On the back of his recently released autobiography, “What Does This Button Do?”, IRON MAIDEN frontman Bruce Dickinson is making a string of speaking appearances. On the tour, Dickinson is reading excerpts from his book, delivering slides and hosting a question-and-answer session in which fans can ask all the questions they have been dying to know about what it’s like to front one of music’s most iconic bands.

During his September 8 spoken-word gig at DR Koncerthuset in Copenhagen, Denmark, Dickinson was asked about his relationship with late DEEP PURPLE keyboardist Jon Lord. He responded (see video below): “Jon Lord was a wonderful gentleman, and we were close friends. And he sadly died of… He had pancreatic cancer, but he survived for a year and a half — much against what everybody had said would happen. And actually, at the end, he didn’t die of pancreatic cancer — he died, unfortunately, of some terrible blood collapse that happened with him, possibly as a result of treatment. But we had all kinds of crazy plans, including me going out on tour with him, singing DEEP PURPLE songs with an orchestra, which he was planning to do; that was one of the things we were planning to do. But it all got interrupted and canceled, and [it was] obviously very sad. He was a wonderful man.”

Asked if he could ever consider doing IRON MAIDEN as a classical music concert, i.e. with a symphony orchestra, Dickinson replied: “It’s been tried a lot by all kinds of people, many of whom I respect, and, to be really honest with you, I don’t think it works. I think it might work for the odd specific song — for example, ‘Empire Of The Clouds’, my thing, has kind of got orchestra all over it. But that’s just one song, and that was written specifically with that kind of thing in mind. And I can see that working under certain circumstances, but that’s only one song. And the problem with orchestras is what do you do with them when they’re not in use?

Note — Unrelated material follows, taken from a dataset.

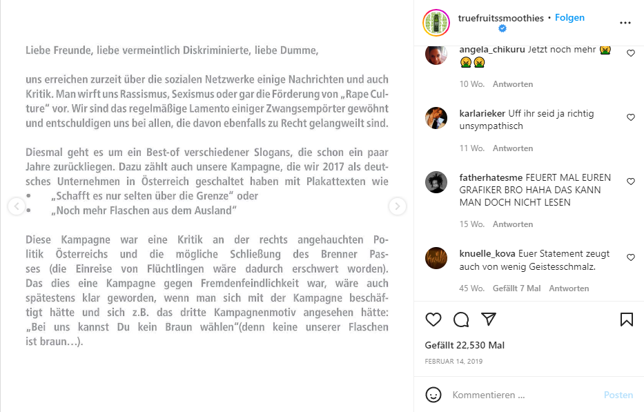 Seinen Werten treu bleiben und zu seiner Meinung stehen wird oft als Stärke ausgelegt. Allerdings kann dieses Verhalten auch dazu führen, dass konstruktive Kritik nicht ernstgenommen wird und eigenes Fehlverhalten nicht reflektiert wird. Die Firma True Fruits reagierte auf die Rassismus und Sexismus Vorwürfen mit einem Statement auf Instagram, indem sie Kritiker und „vermeintlich Diskriminierte“ mehrfach als dumm bezeichnen und erklären, dass es keinen Grund gäbe sich über die Kampagne aufzuregen. In diesem Beitrag wird deutlich, dass True Fruit zwar weiterhin zu ihren Aktionen stehen, aber jede Art von Kritik nicht ernst nehmen und somit einer ernsthaften Auseinandersetzung mit dem Thema aus dem Weg gehen. Die Kommentare lassen den Eindruck entstehen, dass das Unternehmen sich mit diesem Statement noch weiter in den Shitstorm manövriert.

Which is actually quite a lot of songs, if they’re gonna be really proper rock and roll-type songs.”

“What Does This Button Do?”, landed at No. 10 on the New York Times “Hardcover Nonfiction” best sellers list. It was released in the U.S. last October via Dey Street Books (formerly It Books), an imprint of HarperCollins Publishers.

Dickinson joined IRON MAIDEN in 1981, replacing Paul Di’Anno, and made his recording debut with the band on the 1982 album “The Number Of The Beast”. He quit the band in 1993, pursuing several solo projects, and rejoined in 1999.

Dickinson, who turned 60 last month, has several other interests beyond music. He is a licensed commercial pilot and owns an aviation company. He has written other books, done some acting and brewed beer.

In 2015, he completed a round of chemotherapy for a tumor on the back of his tongue and was given a clean bill of health.